As for the state courts’ failure to conduct a hearing on whether Petitioner was
criminally responsible for the crimes, there was no examination for criminal
responsibility because Petitioner declined to participate in the examination and he
informed the psychologist that he did not want to discuss the alleged offenses. See
psychologist Dianne K. Sherman’s letter to the state district court on April 29, 2008, Pet.

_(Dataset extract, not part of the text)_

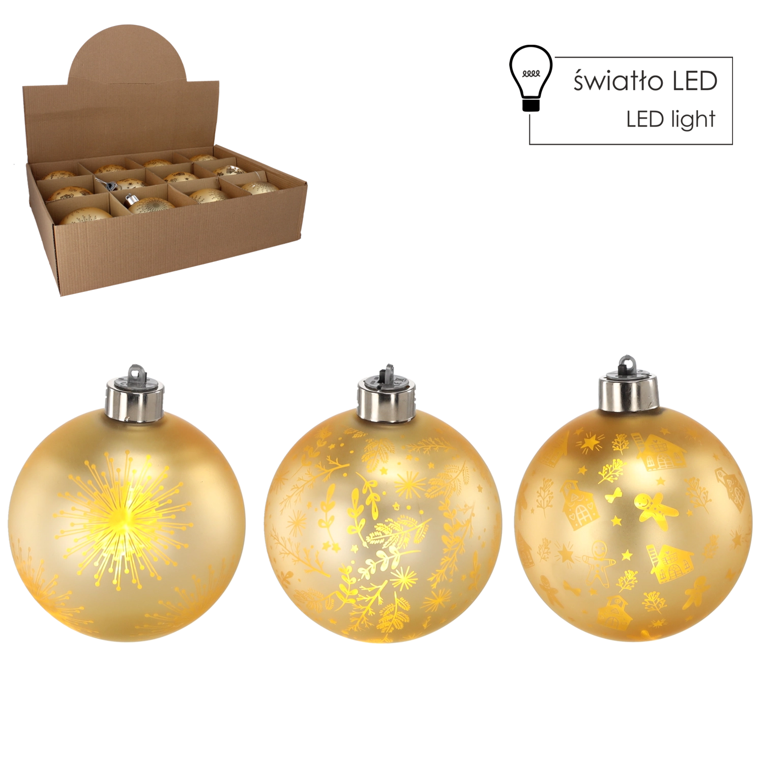This golden glass Christmas bauble creates a cozy, warm glow thanks to its subtle LED lighting, enhancing the festive mood. The decorated surface stands out beautifully when lit, adding a luxurious touch to your space. Its versatile golden color pairs easily with red, green, and white decorations.

for Writ of Habeas Corpus, ECF No. 66, Pg ID 43. Furthermore, the lack of an
examination or hearing on criminal responsibility did not affect the voluntariness of
Petitioner’s plea.
To summarize, Petitioner claimed to understand the charges against him, the
rights he was waiving, the consequences of his plea, and the maximum sentence. He
also denied being coerced into pleading no contest. The Court therefore concludes that
Petitioner’s plea was voluntary, knowing, and intelligent. Habeas relief is not warranted
on claims 2-4, 8-12, and 24.
C. The State District Court and State Trial Court
Petitioner raises several claims about the state district court and state trial court.
17
1. The Alleged Violations of State Law and Lack of Jurisdiction
Petitioner alleges that the state trial court lacked authority to take his plea
because the state district court violated the Michigan Rules of Court (claim 5) and
because there was not a proper bind-over from the district court to the trial court (claims
30 and 32). Additionally, Petitioner claims that jurisdictional defects may be raised at
any time (claim 28).
These claims lack merit because they are based on alleged violations of state
law. “A federal court may not issue the writ [of habeas corpus] on the basis of a
perceived error of state law.” Pulley v. Harris, 465 U.S. 37, 41 (1984). Instead, “a
federal [habeas] court is limited to deciding whether a conviction violated the
Constitution, laws, or treaties of the United States.” Estelle v. McGuire, 502 U.S. 62, 68
(1991). Thus, the state district court’s alleged violations of the Michigan Court Rules
and its allegedly improper transfer of jurisdiction to the state trial court are not grounds
for habeas relief. Furthermore, whether the state trial court was “vested with jurisdiction
under state law is a function of the state courts, not the federal judiciary.” Wills v.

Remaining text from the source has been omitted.